Where are our John Wesley's today? Billy & Franklin Graham are silent when it comes to the wickedness of the Democratic Party. Let us demand our Pastors to live up to the Standard of Yahweh's Word when it comes to abolishing abortion and sodomy; sins which are promoted by the members of the Democratic Party. These wicked members should be told to repent of their ways by leaving the Democratic party or leave our Churches!
Appendix A
Securing Reproductive Health, Rights, and Justice
Democrats are committed to protecting and advancing reproductive health, rights, and justice. We believe unequivocally, like the majority of Americans, that every woman should have access to quality reproductive health care services, including safe and legal abortion—regardless of where she lives, how much money she makes, or how she is insured. We believe that reproductive health is core to women’s, men’s, and young people’s health and wellbeing. We will continue to stand up to Republican efforts to defund Planned Parenthood health centers, which provide critical health services to millions of people. We will continue to oppose—and seek to overturn—federal and state laws and policies that impede a woman’s access to abortion, including by repealing the Hyde Amendment. We condemn and will combat any acts of violence, harassment, and intimidation of reproductive health providers, patients, and staff. We will defend the ACA, which extends affordable preventive health care to women, including no-cost contraception, and prohibits discrimination in health care based on gender.
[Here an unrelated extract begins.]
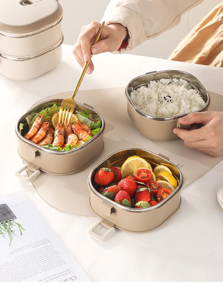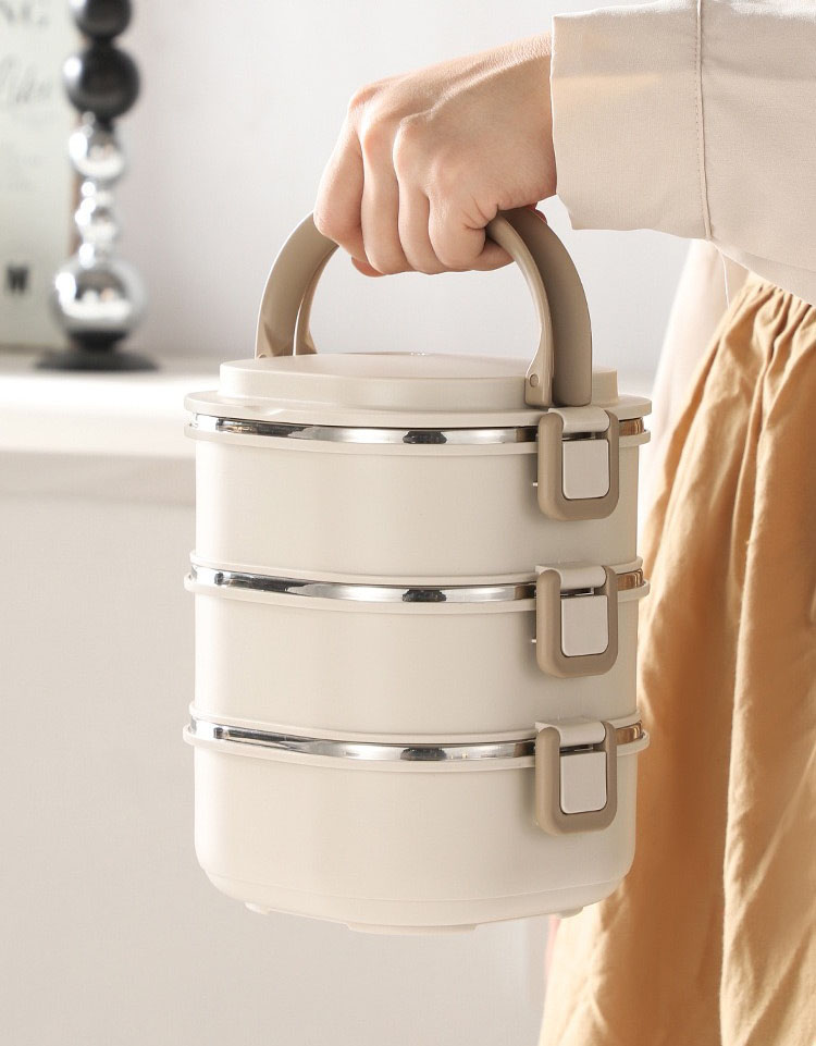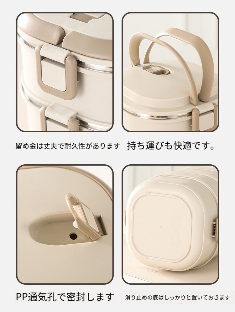 断熱弁当箱セット 保温弁当箱 保温ラン キッチン用品 食器 調理器具 特集 カーキー オフホワイト 1段-700ml 2段-1400ml 3段2100ml

Lesbian, Gay, Bisexual, and Transgender People
Democrats believe that LGBT rights are human rights and that American foreign policy should advance the ability of all persons to live with dignity, security, and respect, regardless of who they are or who they love. We applaud President Obama’s historic Presidential Memorandum on International Initiatives to Advance the Human Rights of Lesbian, Gay, Bisexual, and Transgender Persons, which combats criminalization, protects refugees, and provides foreign assistance. We will continue to stand with LGBT people around the world, including fighting efforts by any nation to infringe on LGBT rights or ignore abuse. (http://s3.amazonaws.com/uploads.democrats.org/Downloads/2016_DNC_Platform.pdf)
Appendix B
1. That Congress has no power under the Constitution, to interfere with or control the domestic institutions of the several States, and that such States are the sole and proper judges of everything appertaining to their own affairs, not prohibited by the Constitution; that all efforts of the abolitionists, or others, made to induce Congress to interfere with questions of slavery, or to take incipient steps in relation thereto, are calculated to lead to the most alarming and dangerous consequences; and that all such efforts have an inevitable tendency to diminish the happiness of the people and endanger the stability and permanency of the Union, and ought not to be countenanced by any friend of our political institutions. 1856 Democratic Party Platform (http://www.presidency.ucsb.edu/ws/index.php?pid=29576)
(When quoting scriptures, from the Rotherham Emphasized Bible New Testament, I will substitute the Hebrew words
Yahoshua (yeh-ho-shoo’- ah) for Jesus, Yahweh and Elohim for God and the LORD and ruah for pneuma (spirit).)